What is expected:
Pictures within the data are to be left out; everything else must be reproduced exactly.

BEGIN Given material

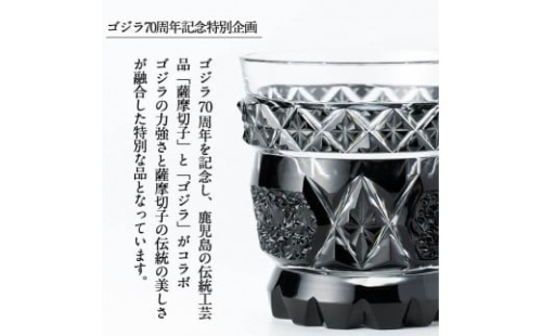 • K-182 ゴジラ70周年記念特別企画 ゴジラ仕様薩摩切子天開ロック「モノクロ」【美の匠ガラス工房弟子丸】霧島市 切子 ロックグラス グラス ガラス コップ ガラス細工 木箱入り
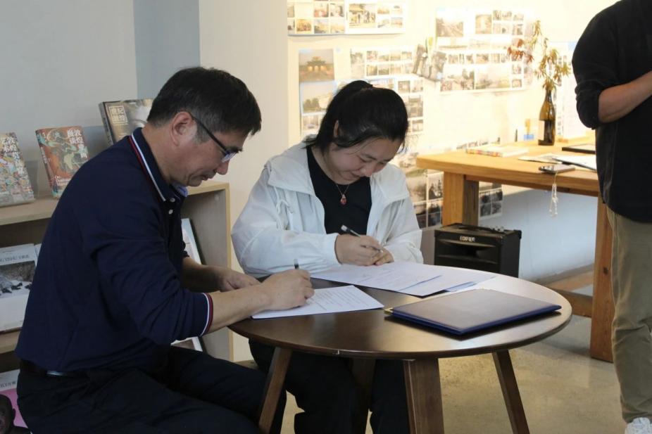 学校相关部门负责人与龙游溪口镇镇长签订留学生国情教育学习实践基地和研究生联合培养基地合作协议。
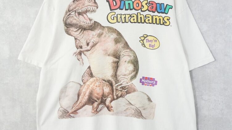 90’s Mother’s COOKIES USA製 “Dinosaur Grrrahams” 食品メーカープリントTシャツ XL
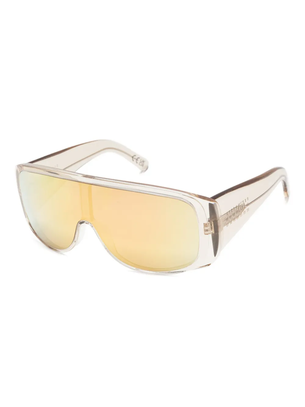 beige gespiegelde glazen acetaat dik montuur rechte pootjes gebogen uiteinden Deze bril wordt verkocht met een beschermhoes.

END Given material

Response area:
 • K-182 ゴジラ70周年記念特別企画 ゴジラ仕様薩摩切子天開ロック「モノクロ」【美の匠ガラス工房弟子丸】霧島市 切子 ロックグラス グラス ガラス コップ ガラス細工 木箱入り
 学校相关部门负责人与龙游溪口镇镇长签订留学生国情教育学习实践基地和研究生联合培养基地合作协议。
 90’s Mother’s COOKIES USA製 “Dinosaur Grrrahams” 食品メーカープリントTシャツ XL
 beige gespiegelde glazen acetaat dik montuur rechte pootjes gebogen uiteinden Deze bril wordt verkocht met een beschermhoes.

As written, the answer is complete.